Capacity estimation is the cheapest design tool you own: a minute of arithmetic tells you whether a problem needs one box or a thousand, gigabytes or petabytes, a cache or a shard. Junior interviewers are not checking whether you land on the "right" number — they're checking that you round aggressively, show every step, and separate average from peak. Each question below lists what the interviewer is really probing, a model answer with explicit math, and a likely follow-up.

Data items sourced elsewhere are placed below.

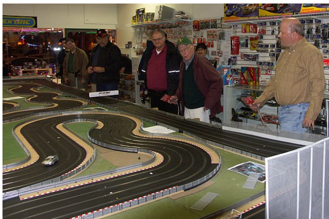
Racing through the hairpins and straight-aways at Slot Car Magic.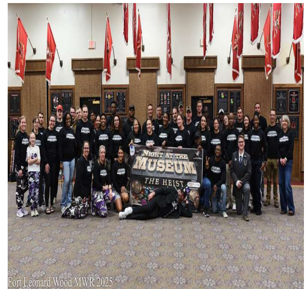
Fort Leonard Wood MWR 2025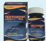
eLIFE Testoboost Plus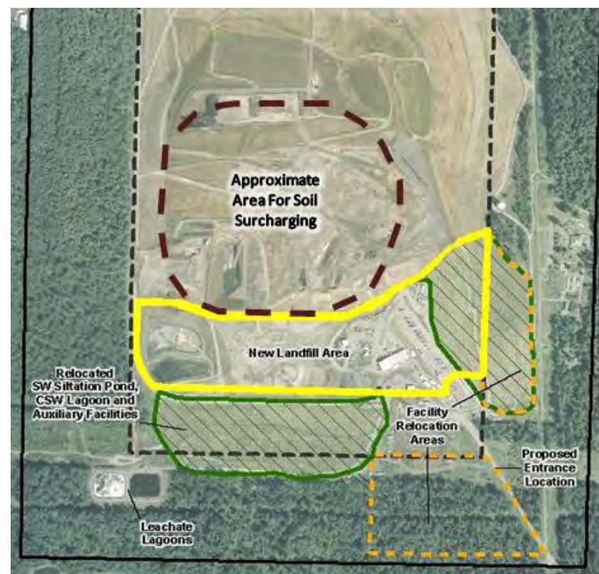
Alternative 4 (withdrawn as discussed in Section 4.1)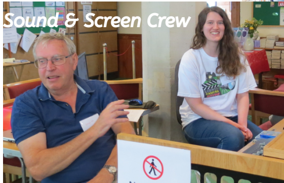
Sound & Screen Crew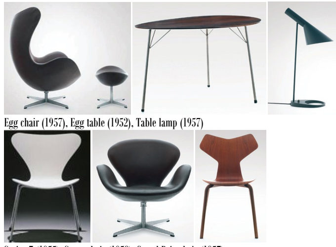
Series 7 (1955), Swan chair (1958), Grand Prix chair (1957)

and the Rothenborg House in Ordrup (1930). Jacbosen and Erik Möller won the design competition (1936) of the Århus Town Hall, whose scheme was distinct by soft lines that revealed a humanistic Modernism with organic forms. He designed mass production furnitures such as Ant chairs (1952) and Series 7 chairs (1955). The latter was the most successful seating programme: a standard single-form compound-moulded plywood seat with a wide range of attachment. For the SAS Air Terminal and Royal Hotel in Copenhagen (1960), Jacobsen made every detail from cutlery to furniture. Egg and Swan chairs (1958) were futuristic and aesthetic. For him, buildings and products should have a proportion: materials and colours compatible with achieving overall impression. He combined sculptural, organic forms with traditional Scandinavian design attributes of material and structural integrity to produce timeless, elegant, and functional designs. "Pastry usually tastes best when it looks nice... there's nothing I mind if it looks nice."

A few rounding habits used throughout, worth committing to memory:

  • 1 day ≈ 86,400 s ≈ 10⁵ s (rounding 86,400 → 100,000 keeps the math one-line).
  • 1 month ≈ 30 days ≈ 2.6M s; 1 year ≈ 31.5M s ≈ 3 × 10⁷ s.
  • 1 KB = 10³ B, 1 MB = 10⁶ B, 1 GB = 10⁹ B, 1 TB = 10¹² B (powers of ten, not 1024 — close enough).
  • Peak ≈ 2–5× average unless told otherwise; default to ~3×.

Contents

  1. QPS — From Per-Day to Per-Second
  2. Storage — Sizing Rows, Replication, and Growth
  3. Bandwidth — Ingress, Egress, and Payload Sizing
  4. Latency Budgets — Splitting an End-to-End Target
  5. Rapid-Fire Self-Check

1. QPS — From Per-Day to Per-Second

Q1.1 — A service handles 10M requests/day. What's its average QPS, and what should you design for?

Probing: The core conversion — per-day → per-second — and the reflex to multiply for peak.

Model answer: Divide by the seconds in a day, rounded to 10⁵:

10,000,000 ÷ 86,400 ≈ 10⁷ ÷ 10⁵ = ~115 req/s average (≈ 100 to round).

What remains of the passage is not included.